# WSD-Z-reweighting
  code for Rare and zero-shot word sense disambiguation using Z-reweighting

  Before running the experiments, download training data SemCor3.0 from http://web.eecs.umich.edu/~mihalcea/downloads.html#semcor and put it under dir ./data
  Also, the unified evaluation framework for WSD http://lcl.uniroma1.it/wsdeval/

  cd ./data
  wget http://lcl.uniroma1.it/wsdeval/data/WSD_Evaluation_Framework.zip
  unzip WSD_Evaluation_Framework.zip

# Enviroment as follows:
  python: 3.7.6
  pytorch: 1.2.0
  transformer version: 4.1.1

# Analyze the SemCor dataset and polysemy distribution
Before everything starts, firstly transform the xml format into csv
  cd ./preprocess
  python transform.py

  resulting semcor.csv file, similarily, applying to senseval2, senseval3, etc.
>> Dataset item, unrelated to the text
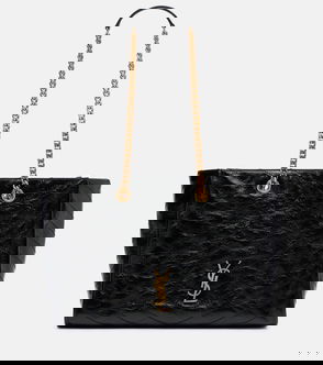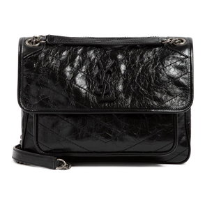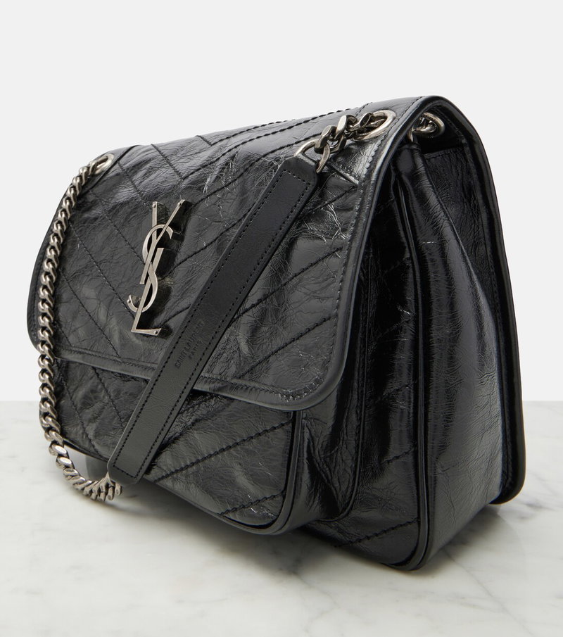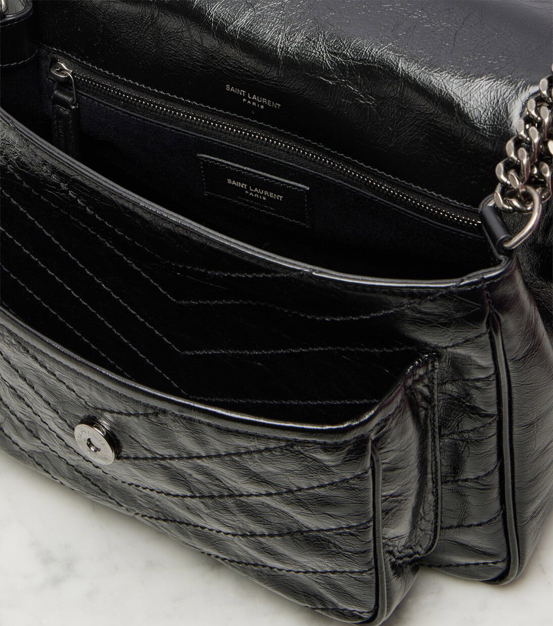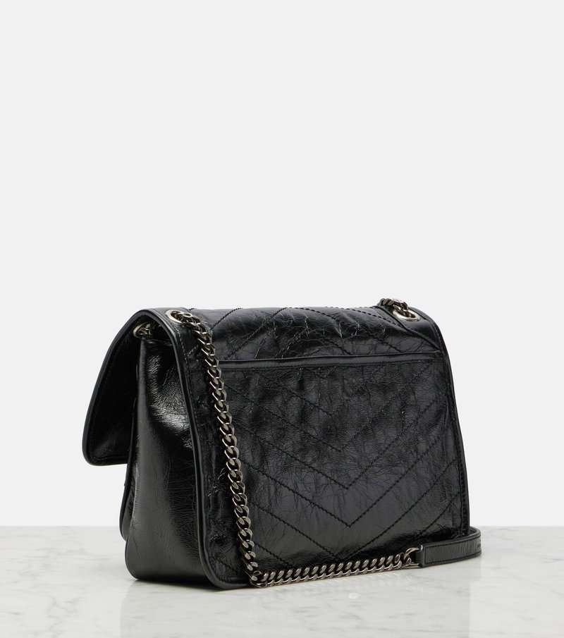 The Niki Medium shoulder bag from Saint Laurent is crafted in Italy from crinkled leather, with an aged, sheeny finish, and features signature chevron stitching. The design is detailed with the iconic Cassandre hardware and a double chain-and-leather strap for hand or shoulder carry.

1) sort by frequency order, get polysemy distribution and instance number for words/senses, set K value and calculate smoothed polysemy distribution

  polysemy definition from ./data/WSD_Evaluation_Framework/Data_Validation/candidatesWN30.txt

  cd ./preprocess
  python poly_power.py

  resulting semcor_sense_count.json,  semcor_synset_count.txt, semcor\_polysemy\_K\_{}.npy, where K = 50, 100, 200, 300, 400.
 
2) use power law function to fit the polysemy distribution; set lammda and assign weight to training words in SemCor
  
  python power_law_fit.py

  This will first use the threadholds to group the words by one-decimal score generated by power-law fitting curve.

  According to groups, futher set gamma to adjust the weight for training words and generate weight file semcor_synset_weight_K_gamma.json, which will be used later in Z-reweighting strategy.
    

# Running experiments

  For different strategies, the running scripts are:

  CUDA_VISIBLE_DEVICES=0,1 python biencoder_Z_reweighting.py --data-path ./data --postprocess-data-path ./preprocess --K 300 --gamma 2 --ckpt bert_base_Z_reweighting_300_2 --encoder-name bert-base --multigpu

# Evaluation

  CUDA_VISIBLE_DEVICES=0,1 python biencoder_Z_reweighting.py --data-path ./data --postprocess-data-path ./preprocess --ckpt bert_base_Z_reweighting_300_2 --encoder-name bert-base --multigpu --split ALL --eval
 

# MCS/LCS analysis
  use definition of MCS and LCS from WordNet, top1 ranked sense is MCS, others are LCS.
 
  MCS, LCS and Zero-shot senses evaluation

  cd ./analysis

  change the input path and run:

  python f1_mcs_lcs.py